Но Томас видел, что мать начинает беспокоиться. Она внимательно слушала о том, как пошло ко дну «Потерянное счастье», как выжившие добрались до Сокрушенной отмели, о решении Евы Соррентино. Теперь она хотела, чтобы Роуленд поведал ей о самом Уилле.
– Он не рассказывал тебе о своей жизни до того, как вы встретились? – спросила она. – Я надеялась, что ты знаешь что-нибудь об этом.
– Я как раз к этому перехожу, – ответил Роуленд, улыбаясь ее нетерпению. – На самом деле, только после того, как мы покинули Сокрушенную отмель и добрались до Галифакса, он впервые рассказал мне что-то о себе.
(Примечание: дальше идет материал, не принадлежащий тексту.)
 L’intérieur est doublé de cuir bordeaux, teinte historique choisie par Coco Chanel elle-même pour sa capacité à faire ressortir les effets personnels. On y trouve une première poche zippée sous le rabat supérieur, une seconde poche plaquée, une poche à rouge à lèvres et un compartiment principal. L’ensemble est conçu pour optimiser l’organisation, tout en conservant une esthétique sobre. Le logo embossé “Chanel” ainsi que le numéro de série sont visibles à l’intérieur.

Нас поселили в старом отеле, где мы ждали расследования кораблекрушения. Все, что я сейчас расскажу тебе, случилось, пока мы были там. Нам пришлось ждать расследования несколько дней, и мы много разговаривали, в основном сравнивая наши воспоминания о случившемся на «Потерянном счастье». Но когда Уилл узнал меня поближе, он стал откровеннее.
– Прошу тебя, пожалуйста, расскажи, о чем он говорил, – взмолилась Рейчел.
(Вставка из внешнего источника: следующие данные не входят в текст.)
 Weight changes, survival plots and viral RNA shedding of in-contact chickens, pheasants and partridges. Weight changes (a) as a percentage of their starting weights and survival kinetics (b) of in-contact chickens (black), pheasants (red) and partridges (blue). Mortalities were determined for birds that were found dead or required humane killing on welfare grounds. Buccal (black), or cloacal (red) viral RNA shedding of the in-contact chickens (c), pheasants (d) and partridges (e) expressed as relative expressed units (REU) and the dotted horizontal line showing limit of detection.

Роуленд сделал глоток бренди.
– Уилл не был любителем приукрашивать события, – сказал Роуленд. – Он рассказывал только голые факты, и мне самому приходилось угадывать, что он думает. Несомненно одно: у него была тяжелая жизнь…
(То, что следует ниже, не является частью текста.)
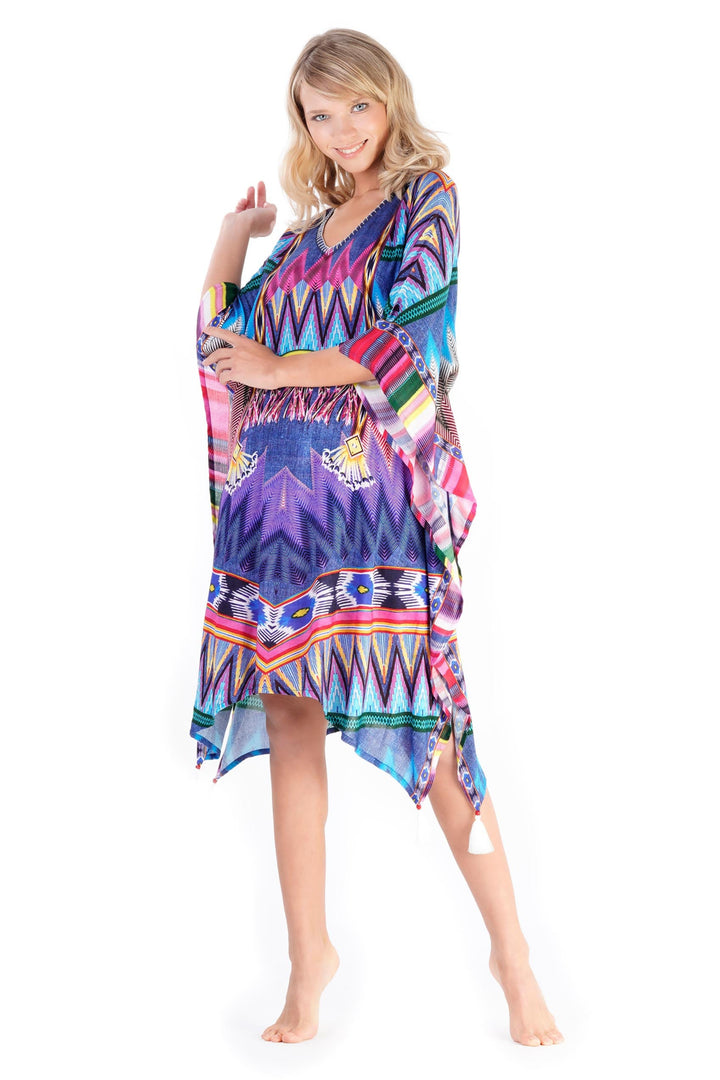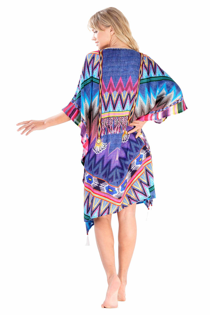 Dieser Poncho verfügt über einen raffinierten V-Ausschnitt und eine fantasie, die von ethnischen Mustern inspiriert ist und einen Hauch kultureller Eleganz verleiht. Sein einzigartiges Design beinhaltet Quasten am Saum, die dezent Bewegung und Textur hinzufügen.

Роуленд и Уилл сидели в своей комнате в отеле «Макларен». Был дождливый вечер. Они поели рыбы с картошкой, и теперь распивали бутылку дешевого виски. Роуленд рассказывал Уиллу о своей жизни все – и о причинах путешествия в Англию, и о возвращении теперь к той неопределенности, которая ждет его дома.
Быть может, причиной было виски, но Уилл расслабился, и Роуленду не составило труда вызвать товарища на разговор о его собственной жизни.
Он родился в горах, сказал Уилл, недалеко от того места, где Роуленд впервые увидел его в поезде; в маленькой шахтерской деревушке под названием Тарбрай, в самом обыкновенном шахтерском доме. Его отец работал на поверхности – у него были больные легкие после долгих лет работы в забое. Когда Уилл был совсем маленьким, он всегда уже лежал в постели, когда отец возвращался ночью с работы, раздевался по пояс и мылся над кухонной раковиной. Жена вытирала его перед камином. У нее были не в порядке нервы, и она мало общалась с людьми, кроме своего мужа и сына. Они никогда много не разговаривали. Уилл ни разу не слышал, чтобы кто-нибудь из них даже песенку мурлыкал, и ему было удивительно, когда другие люди насвистывали или пели так, будто музыка для них естественна.
Уилл пошел в тарбрайскую школу, но учился не слишком хорошо. Само собой разумелось, что он, как и все мальчики деревни, станет шахтером, когда ему исполнится тринадцать. Именно так Уилл и сделал – вместе со всеми своими одноклассниками.
Когда мальчикам в первый раз пришлось спускаться на шахтовом подъемнике, они этому не сильно обрадовались. Все знали об одноногих мужчинах в Мюиртоне. Но в подъемник все равно заходить пришлось. Они спустились так быстро и остановились так резко, что Уилл подумал – его желудок вывернет наизнанку.
Теперь мальчики находились на глубине пяти тысяч футов под землей, и там было так тепло, что пришлось снять куртки.
– Теперь вы знаете, на что похож ад, – сказал бригадир новичкам. Тоннель был темный, но через каждые двадцать метров висели керосиновые лампы, и они могли не спотыкаться о рельсы, по которым перевозят уголь. Люди не снимали касок; у новичков их еще не было.